▶
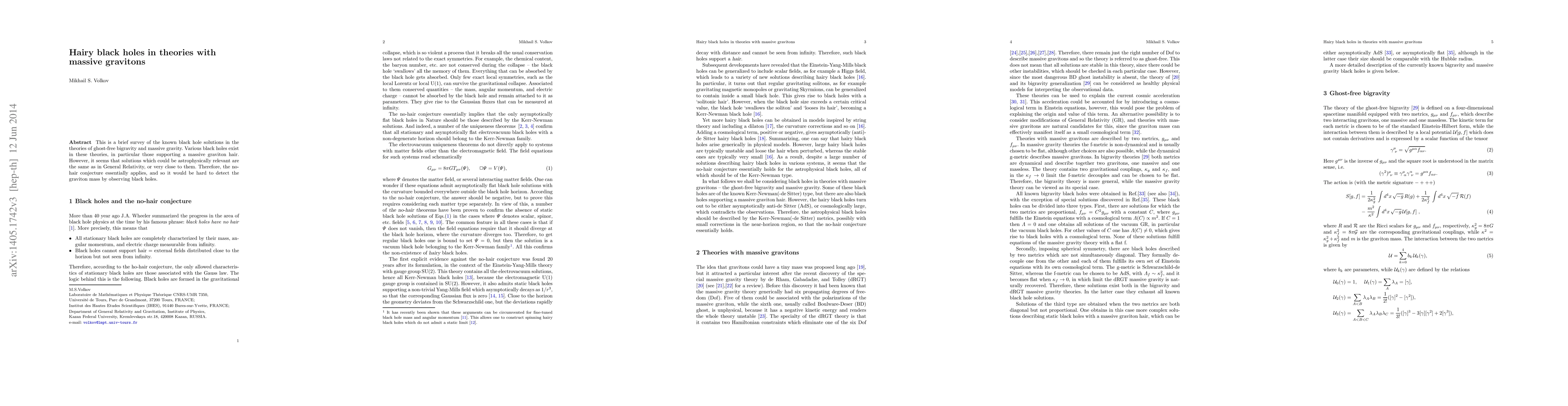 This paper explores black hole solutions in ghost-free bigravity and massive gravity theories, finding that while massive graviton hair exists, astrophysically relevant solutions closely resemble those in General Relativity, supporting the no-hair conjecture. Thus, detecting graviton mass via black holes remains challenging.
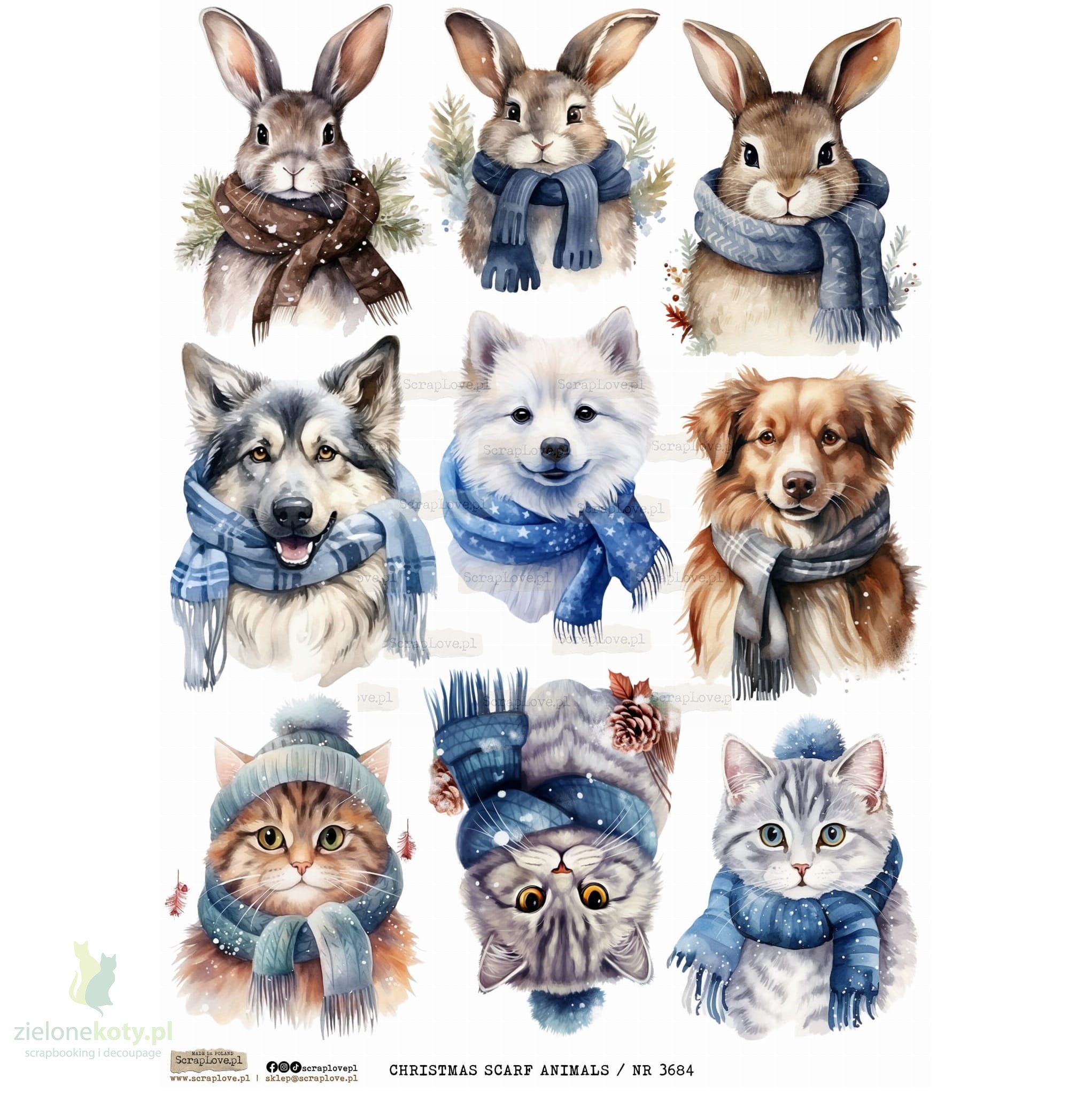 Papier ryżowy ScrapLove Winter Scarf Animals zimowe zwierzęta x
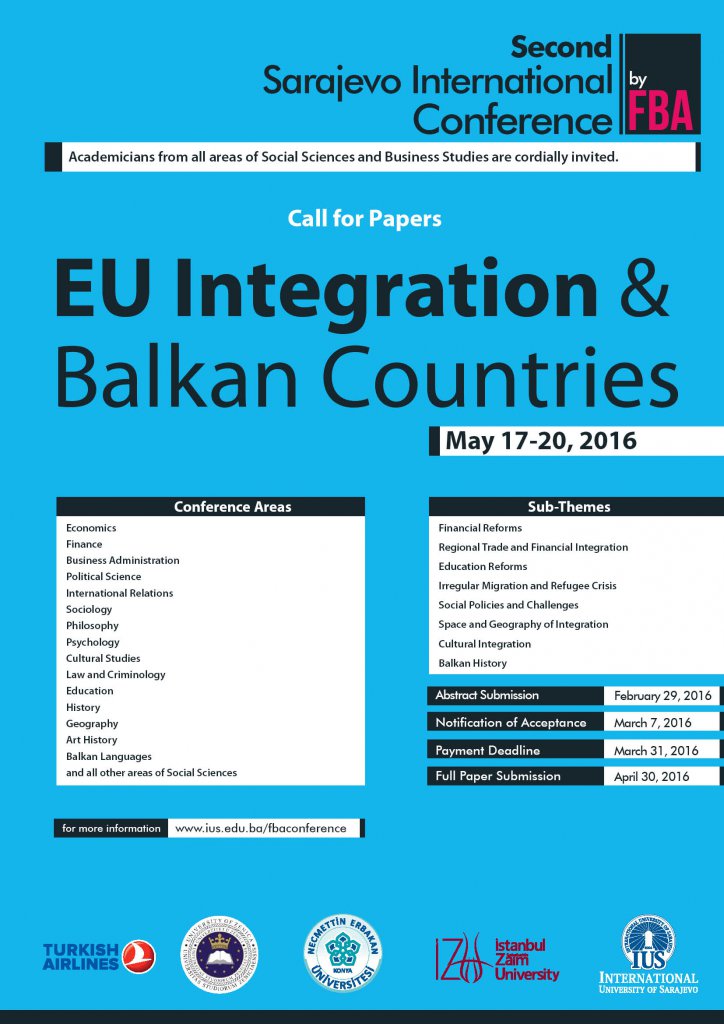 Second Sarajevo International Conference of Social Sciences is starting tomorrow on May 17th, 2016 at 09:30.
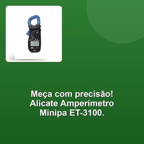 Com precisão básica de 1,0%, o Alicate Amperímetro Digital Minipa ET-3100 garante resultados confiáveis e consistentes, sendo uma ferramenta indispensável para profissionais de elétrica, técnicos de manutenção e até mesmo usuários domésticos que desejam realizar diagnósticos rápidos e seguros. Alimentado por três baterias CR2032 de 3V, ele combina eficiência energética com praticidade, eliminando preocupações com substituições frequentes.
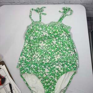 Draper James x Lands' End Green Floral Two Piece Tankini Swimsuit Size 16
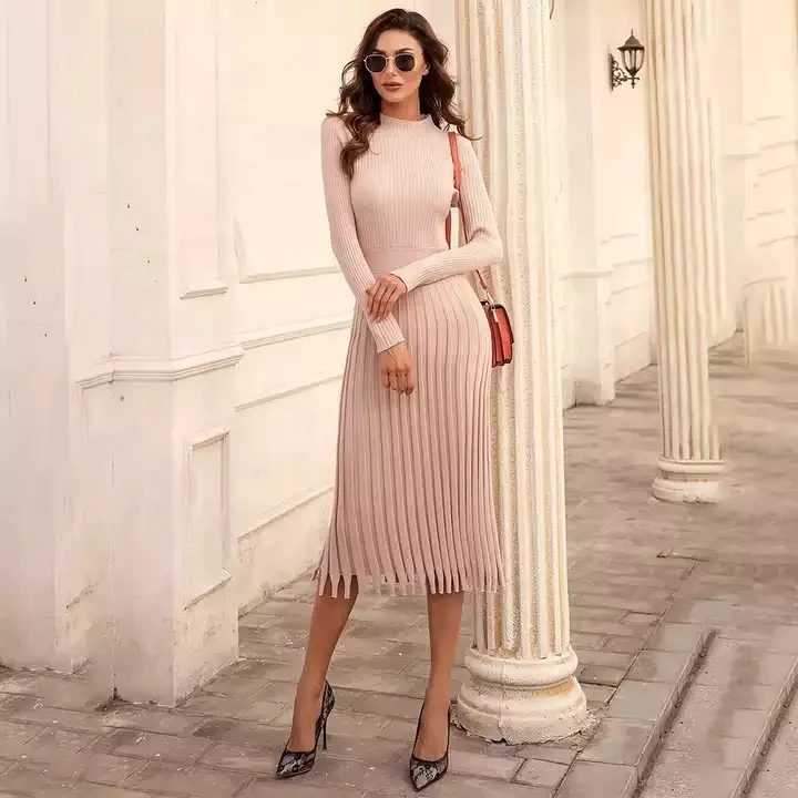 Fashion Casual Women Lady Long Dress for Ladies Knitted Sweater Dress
◀
Problem to work on> Using the data above, return the lines from the one holding "Papier ryżowy ScrapLove" through the one holding "Second Sarajevo International Conference of Social" exactly, but not the pictures.

Solution to this task>
 Papier ryżowy ScrapLove Winter Scarf Animals zimowe zwierzęta x
 Second Sarajevo International Conference of Social Sciences is starting tomorrow on May 17th, 2016 at 09:30.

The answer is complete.